B2B manufacturers prioritize Operations as a competitive differentiator. Piles of free resources and investment are thrown into new capabilities they are calling industry 4.0.
Factories are upgraded with real-time inline quality control. Cloud-based ERP systems are deployed, which provide visibility into value chain partners. These are just two capabilities to provide differentiation on delivery.
Meanwhile, the Sales Rep is using Excel spreadsheets to track pricing updates. New customers require sheafs of information to be typed in manually, sometimes in multiple locations. Frustrated, delayed by antiquated systems, confused by lack of transparency, Sales is delivering inconsistent experiences to prospects and customers, the unprofessional reputation of the company spreading like ebola through the market without prospects even touching the product. Proposals are cold long before they reach the prospect.
Manufacturers need to recognize: Without a Sales unit to match the customer responsiveness of Operations, the company will never have a chance to serve the customer. The final judgment will be: Customer service at this vendor is bad; we do not want to work with them.
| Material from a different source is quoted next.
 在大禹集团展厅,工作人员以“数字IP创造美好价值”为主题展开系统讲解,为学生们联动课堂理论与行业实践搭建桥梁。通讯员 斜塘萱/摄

Matching Product to Perception: What Inflated Time-to-Quote Means for the Corporate Strategy
Manufacturers are changing to meet the needs of industry 4.0, and the rubber is meeting the road, as companies save money and develop new digital capabilities for their product lines. Manufacturers who are making real investments in digital technologies in 2017 are projecting revenue growth of 2.9%. Efficiency is an even greater storyline, however, with projected efficiency gains of 4.1% leading to bottom-line savings of 3.6%, for every year from now until 2020 (PwC, “Industry 4.0”).
This is good news for top performers with a history of proactive digitalization — bad news for many companies who have faced substantial challenges in adopting digital processes. The latter manufacturers, those in a reactive position, who are adapting to the market after the fact, express industry 4.0 as a changing sales environment, forcing firms to change their Operations or fall behind.
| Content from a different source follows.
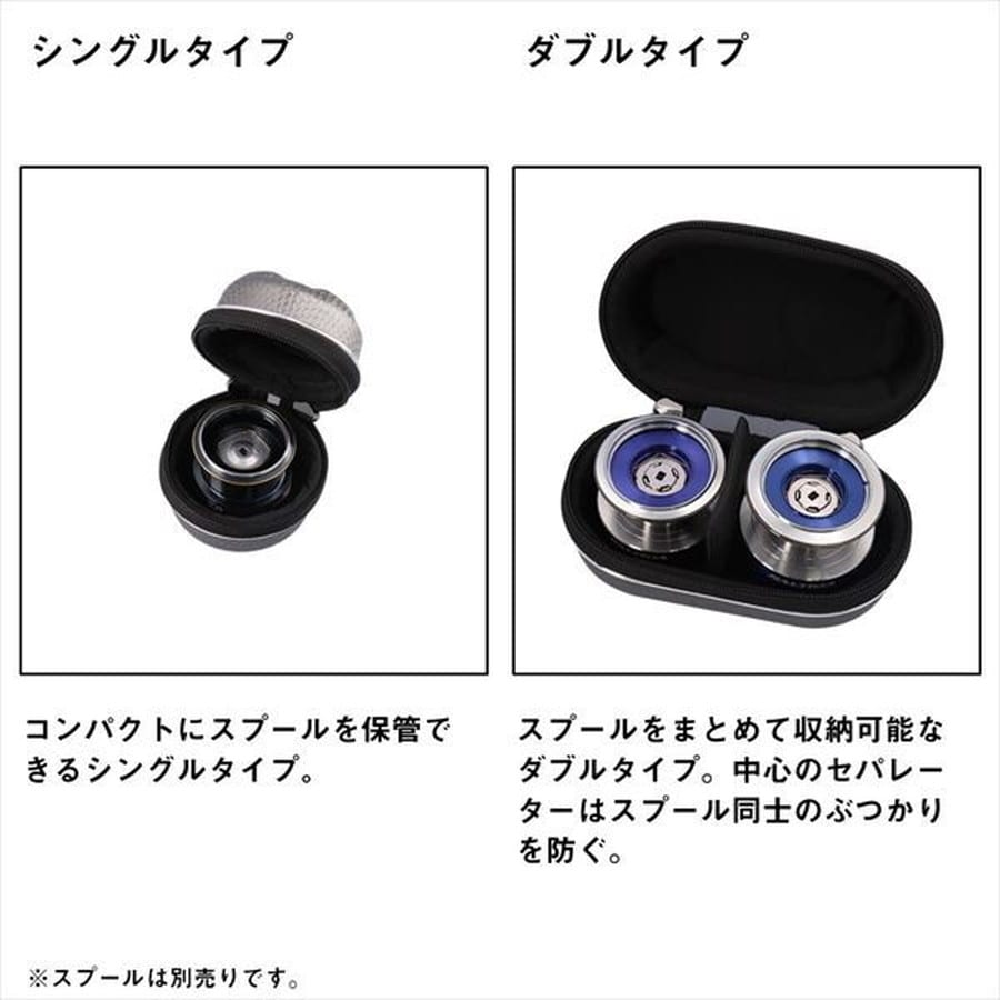 衝撃に強いセミハードシェル構造のスピニング用スプールカバー!本体部は外側からの衝撃をやわらげるPPボード採用。◆本体内部はリールの傷つきを抑えるクッション材入り生地を採用。◆ヒンジ部分にメッシュ生地を採用し内部の蒸れを抑える。◆カラビナ等の取り付け可能なループ付き。開閉時につまみとして使用すると開けやすい。◆ダブルタイプはスプール同士のぶつかりを防ぐセパレーター付き★タイプ:ダブル 本体外寸:約9×18.5×9cm スプールサイズ:8000×20000、投げ用 ※糸巻量が多いとファスナーに干渉する場合があります。

This viewpoint might be glass half-empty analysis, but it indicates the impact of digitalization, not just industry 4.0. Yes, product lifecycles are shortening (#2 pressure). Quick-movers are bringing on new technologies and processes, then there is a trickle down effect as the market responds. But customers are also speeding up, devouring information about the market before speaking to any sales rep, requesting more quotes, demanding competitive pricing (#1 pressure). The need to differentiate on quality (#3 pressure) is just another reaction to competitive pricing.
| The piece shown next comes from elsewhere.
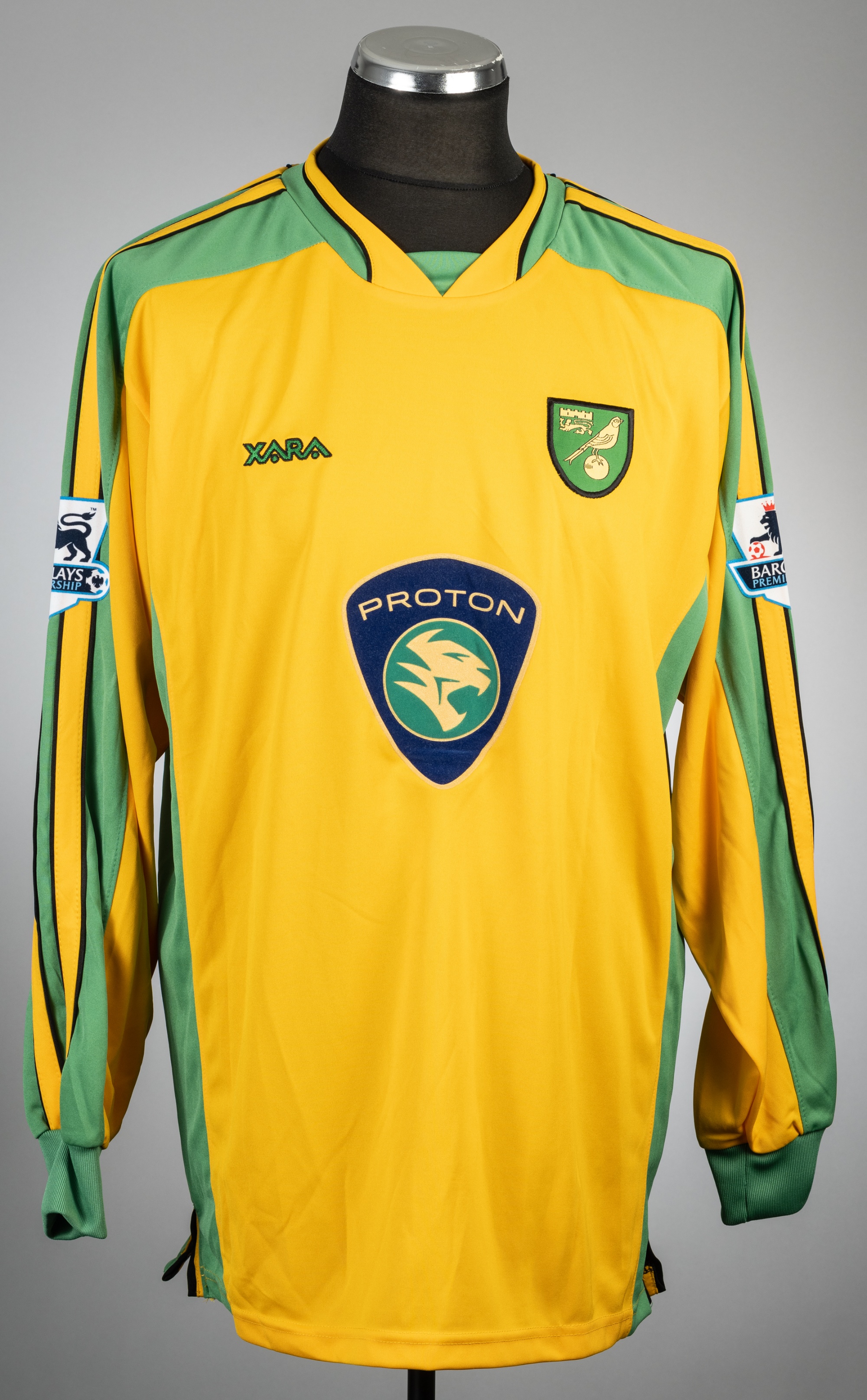 David Bentley signed yellow and green Norwich City no.10 home jersey, season 2004-05, Xara, long-sleeved with BARCLAYS PREMIERSHIP sleeve badges, clu

Time-to-quote supports adaptation to these top 3 pressures on manufacturing. How?
Time-to-quote is the average turnaround time for a request for proposal, benchmarking customer responsiveness at a critical stage in the customer journey: the sale.
The sale is often overlooked as part of the customer journey because many customer experience experts do not include lost opportunities in their models. They myopically focus on customer retention, or keeping customers happy once they are customers.
This is a big mistake for the organization as a whole and for individuals located at strategic points within the organization.
- Sales Reps see lengthy quote times eroding prospect interest to the point of lost sales opportunities.
- Sales Leaders see time-to-quote as an inefficiency, the reduction of which can lead to more time spent on selling.
- Time-to-quote directly impacts profitability, as the first quote a customer receives will shape pricing expectations and value perception.
- Sales Leaders also see time-to-quote as a key influencer of quote-to-close. Faster quote response times are correlated to higher quote-to-close ratios, the theory being that prospects use time-to-quote to inform the purchase decision.
- Lengthy time-to-quote often indicates deeper issues in the coordination between Operations and Sales. A COO might not care about time-to-quote, but inefficient collaboration during the quoting process will also influence Operational KPIs, such as rework.
- Marketing leaders need to revisit time-to-quote because it directly impacts reputation. The first piece of work given to the seller, time-to-quote is also the only part of the organization a prospect will see if it chooses another vendor. This strong impression can lead to a bad reputation, regardless of the competitiveness of a company’s products.
Across the C-Suite, time-to-quote can have significant impact without an organization’s realization of the core problem. Manufacturers are so busy looking at product releases, pricing and quality, they are overlooking how these developments are communicated to the market. They are concerned with the nail and forgetting the hammer.
Sales must be able to keep pace with Operational improvements. Just because a new product is launched does not mean it will be sold. Sales must have the free resources to learn new products and develop resources to communicate the value proposition.
Sales must be able to keep pace with the market. When a primary competitor changes the story they tell prospects, Sales must have a way to formulate a consistent response and communicate that response - possibly by changing the proposal template. When the market price reduces, Sales and Operations need a way to accept the price reduction without triggering approvals up the chain of command for every sale. These are just two inefficiencies spawned in the sales organization reacting to organizations with superior quote-to-order processes.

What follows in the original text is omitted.